- The Washington Times - Tuesday, June 2, 2015

A powerful House committee approved a bill Tuesday to repeal Obamacare’s medical device tax, a provision that’s been criticized by members of both parties as a misguided way to pay for the health overhaul.

The Ways and Means Committee voted 25-14 to repeal the 2.3-percent excise on sales of pacemakers, artificial joints and other devices, with Rep. Ron Kind of Wisconsin the lone Democrat to support the bill.

“It’s an iron law of economics that when you tax something, you get less of it,” Chairman Paul Ryan, Wisconsin Republican, said in a prepared statement. “So we’ve really got our wires crossed here. We want more medical devices. What we want less of is this bureaucratic meddling.”

Democrats on the panel cried foul, saying the GOP failed to come up with the $26 billion needed to replace the revenue that will be lost over the decade by scrapping the tax.
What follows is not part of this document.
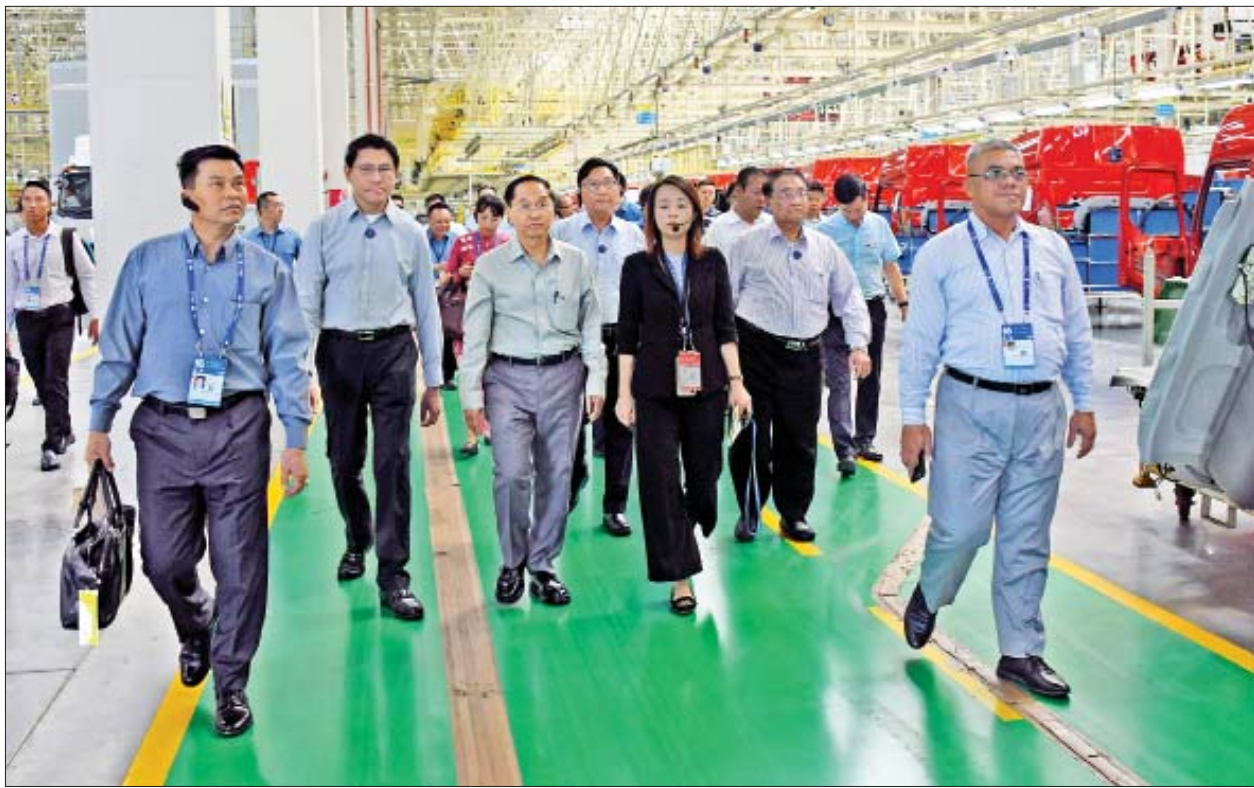
ဒုတိယသမ္မတ ဦးမြင့်ဆွေနှင့်အဖွဲ့ တွဲဖက်ဖွဲ့စည်းမော်တော်ယာဉ်ထုတ်လုပ်ရေးစက်ရုံအတွင်း လှည့်လည်ကြည့်ရှုစဉ်။

* ရှေ့ဖွဲ့မှ တုန့်ဖုန်းမော်တော်ယာဉ် ထုတ်လုပ်ရေးစက်ရုံမှ ထုတ်လုပ်ထားသည့် လုပ်ငန်းသုံးမော်တော်ယာဉ်အမျိုးမျိုးကို လှည့်လည်ကြည့်ရှုရာ တာဝန်ရှိသူများက မော်တော်ယာဉ်ထုတ်လုပ်မှုအဆင့်ဆင့်၊ စံချိန်စံညွှန်း၊ အရည်အသွေး၊ ကြံ့ခိုင်မှု၊ လုံခြုံမှု၊ တန်ဖိုးနှင့် ဈေးကွက်အခြေအနေများကို လိုက်လံရှင်းလင်းပြသကြသည်။

“Is there going to be a pay-for?” the committee’s top Democrat, Rep. Sander Levin of Michigan, said. “I think the answer is probably no.”

The committee also voted 31-8 to repeal the Independent Payment Advisory Board, a panel created by Obamacare and tasked with keeping Medicare costs in check.

Although no one’s been appointed to the board, critics have decried it as a “death panel” of bureaucrats who ostensibly could rein in seniors’ care. Seven committee Democrats joined every Republican in voting for its repeal.

House Majority Leader Kevin McCarthy, California Republican, is hoping to put each of the bills on the floor by mid-month.

The medical device tax took effect in 2013 and has been on the GOP’s legislative chopping block since then, although members of both parties have hinted at repeal for more than a year.

Lawmakers from states with a high concentration of medical device companies are especially quick to say the tax is a job killer that needs to go, and Republicans are eager to roll back Obamacare where they can.

Many Democrats, though, generally are reluctant to fiddle with President Obama’s signature health care law. Party leaders have defended the tax, saying the manufacturers have more customers thanks to Obamacare, so they can afford to pay.

Republicans, meanwhile, argue the device industry has helped real patients and cut costs by making health care more efficient, so there is no reason to hamstring their progress.

“The innovation has been astounding,” Rep. Charles W. Boustany Jr., Louisiana Republican, said.

Industry studies say the medical device tax cost the sector more than 30,000 jobs in the first year alone. But the Congressional Research Service, in a report from January, said the effect would be more muted — a drop of less than 1 percent in employment for the industry.